If the populus is numbed into a state of brainless inertia by laws that take away their freedom, and which simultaneously promise to create security, then a major source of security, in the form of individuals protecting themselves and each other, may be switched off, and by the very measures which were supposedly going to make us all more secure. The “cost” of “security” measures isn’t only that they cost us a ton of money, or even that they cost us freedom. What if, by costing us freedom, they also reduce security? That’s the biggest problem with framing this argument as “freedom versus security”.

As I have probably said here before, this debate reminds me of the Economic Calculation debate of a hundred years ago, and Mr Blog is just like one of those anti-economic-planning grumblers of days gone by who complained that planning would be more of a muddle and less of a spur to prosperity than pro-planners fancied, and that it would eat up our freedoms to insufficiently good effect. But that was to miss the vital point about prosperity, which was that in order to get it, you had to have freedom. No freedom, no prosperity.

What if security is the same? No freedom, no security. I think it is, and I think that’s true. And I want some latter day Von Mises to write a huge book which proves it.

Mr Blog’s error is all the more distressing because he frames the question so clearly.

Thumb-print scanning and conversation monitoring

The problem with using technology to look after children is that it is liable also, in due course, to be used to look after adults.

As part of writing for this, I occasionally buy the Times Educational Supplement, and on page 5 of the most recent issue (October 3 2003) it says this (paper only):

Pupils will soon be asked for a thumb-print instead of a password to enter internet chat-rooms.

A firm in the north-east of England has spent three years developing a scanner that will make it harder for paedophiles to prey on youngsters via the internet.

Think2gether, which is based in Gateshead, says the scanner is the first secure access system for chatroom users.

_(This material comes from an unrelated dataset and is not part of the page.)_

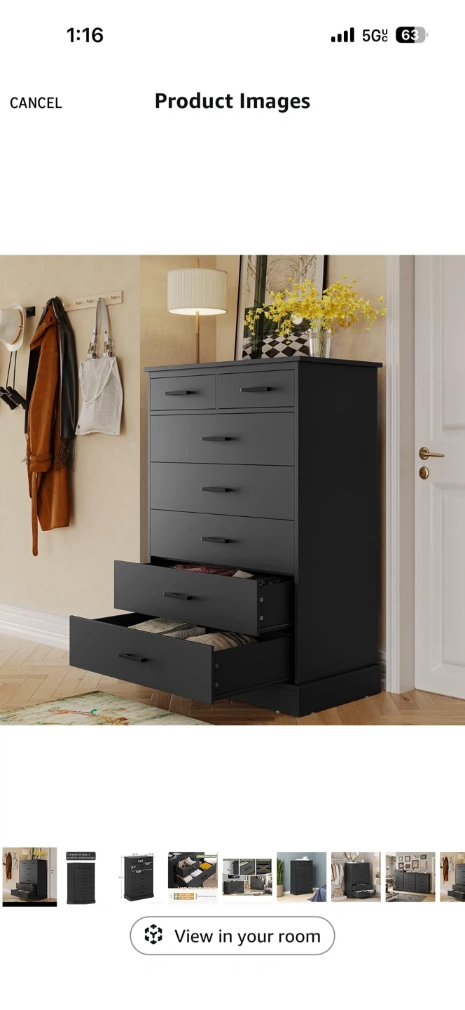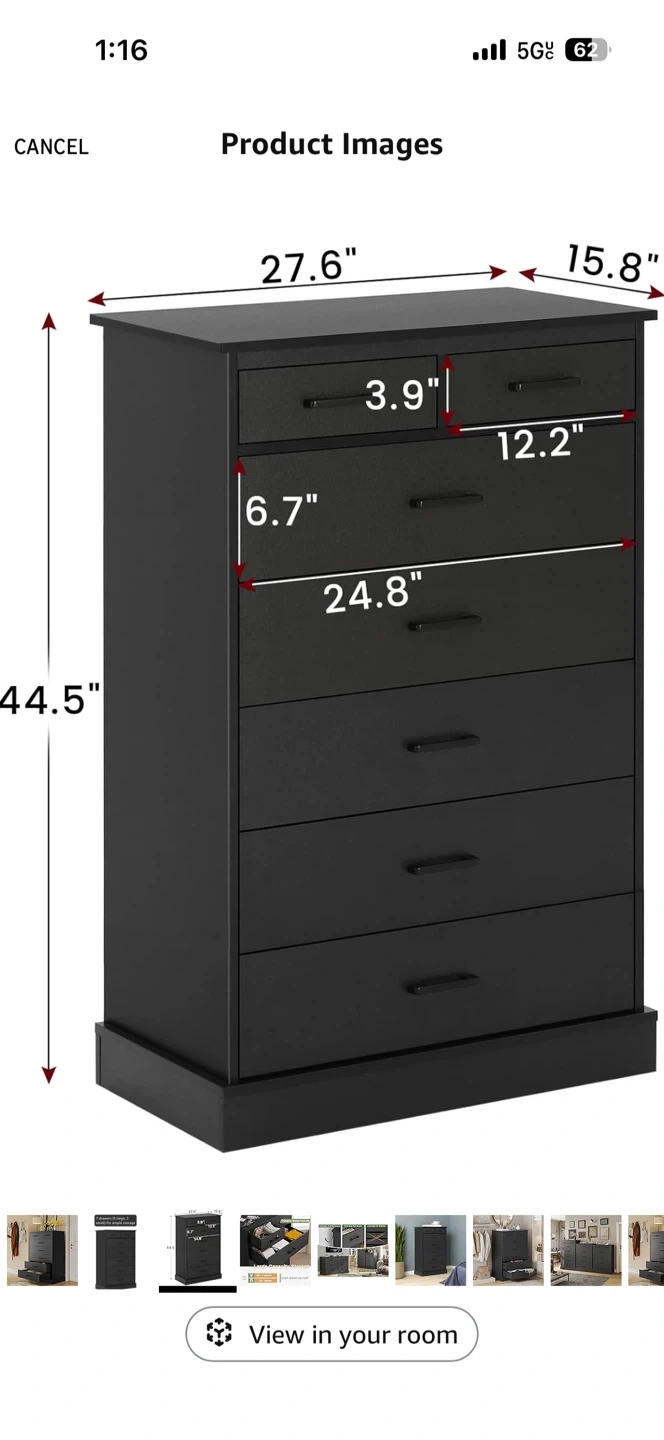 Selling a black chest of drawers! It measures 44.5 inches in height, 27.6 inches in width, and 15.8 inches in depth. It features six drawers, perfect for organizing your clothes and belongings

For about £30 schools will be able to buy the thumb-print scanner, which is already being used at the South Tyneside city learning centre and in Leicester education action zone.

Alan Wareham, director of Think2gether, said the system had attracted interest from as far away as Singapore.

“The problem is that children often tell other people their password, which is something adults tend not to do,” he said.

“A child can pass on this information in all innocence and the adult can then lon on as that child and pretend it is them using the chat-rooms.

“The scanner removes this possibility by scanning the child’s thumb-print three times before letting them in. We are also developing hardware which will monitor and record conversations in chatrooms, as additional protection.”

As so often when someone is quoted, the last bit is the scariest.

ISP fights back

STL today.com reports that Charter Communications Inc., third largest cable provider in the United States, filed a suit on Friday seeking to block the recording industry from obtaining the identities of Charter customers who allegedly shared copyrighted music over the Internet. Charter filed papers in U.S. District Court in St. Louis in a bid to quash subpoenas that the Recording Industry Association of America issued seeking the identities of about 150 Charter customers.

“We are the only major cable company that has not as yet provided the RIAA a single datum of information,” said Tom Hearity, vice president and associate general counsel for Charter.